▶ **Problem to solve**
Return all the data exactly, keeping the pictures out.

▶ **Information supplied**
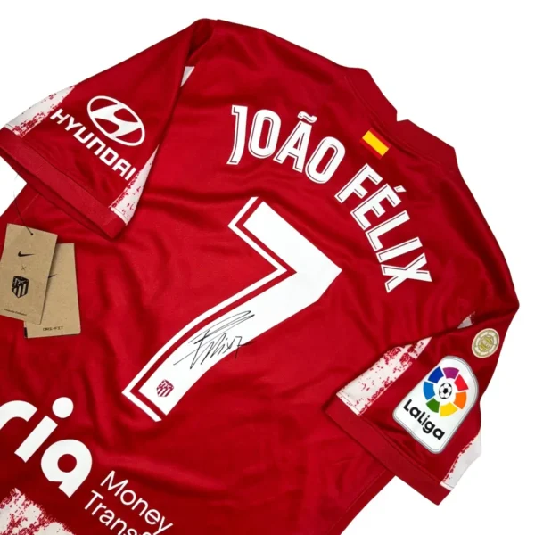 Note IFS : Neuf + étiquettes – Parfaite condition pour ce maillot de l’Atlético floqué Félix et signé par ce dernier. Le logo Nike et l’écusson du club de Madrid sont thermocollés et sont parfaitement conservés.
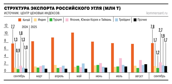 据“主权及区域评级机构”(Эксперт РА)的分析师基里尔·利亚霍夫(Kirill Lyakhov)表示,10月的前七天,中国工业生产在国庆假期和“黄金周”的影响下有所放缓,而物流和港口则按有限日程运营。他解释说,10月8日至10日后,企业恢复运营,电力系统负荷急剧增加,尤其是在北方和东部省份,电力和热力消耗上升,发电厂开始积极动用煤炭储备。基里尔·利亚霍夫补充道,在该月后半段,计划中的冬季储备将得到补充,可能进一步增加了对煤炭包括进口煤炭的需求。
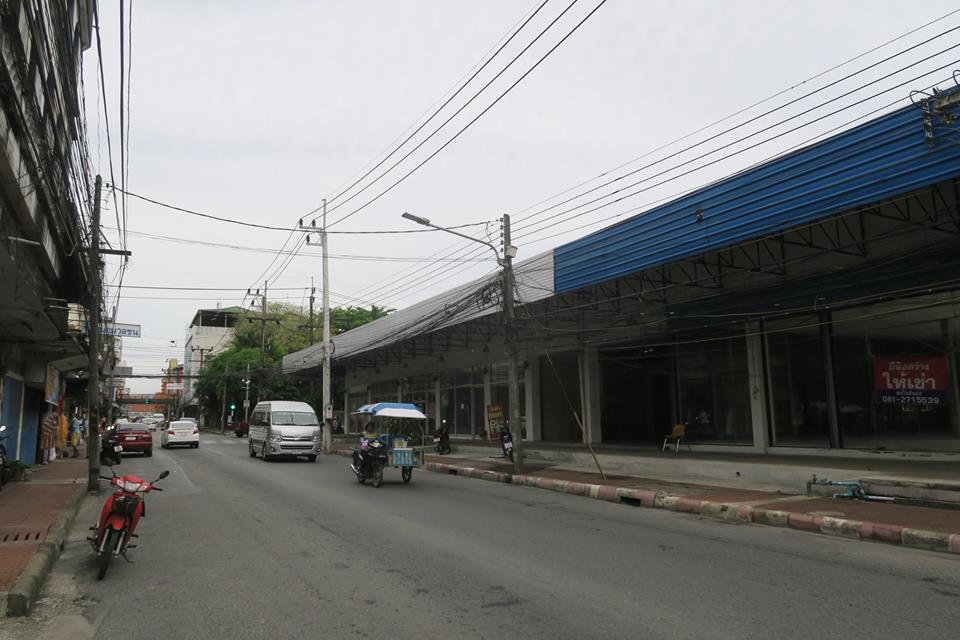 ตรงข้ามกำแพงวัดบูรณารามที่ทำเป็นตึกแถวทั้งแถบ

▶ **Written response**
 Note IFS : Neuf + étiquettes – Parfaite condition pour ce maillot de l’Atlético floqué Félix et signé par ce dernier. Le logo Nike et l’écusson du club de Madrid sont thermocollés et sont parfaitement conservés.
 据“主权及区域评级机构”(Эксперт РА)的分析师基里尔·利亚霍夫(Kirill Lyakhov)表示,10月的前七天,中国工业生产在国庆假期和“黄金周”的影响下有所放缓,而物流和港口则按有限日程运营。他解释说,10月8日至10日后,企业恢复运营,电力系统负荷急剧增加,尤其是在北方和东部省份,电力和热力消耗上升,发电厂开始积极动用煤炭储备。基里尔·利亚霍夫补充道,在该月后半段,计划中的冬季储备将得到补充,可能进一步增加了对煤炭包括进口煤炭的需求。
 ตรงข้ามกำแพงวัดบูรณารามที่ทำเป็นตึกแถวทั้งแถบ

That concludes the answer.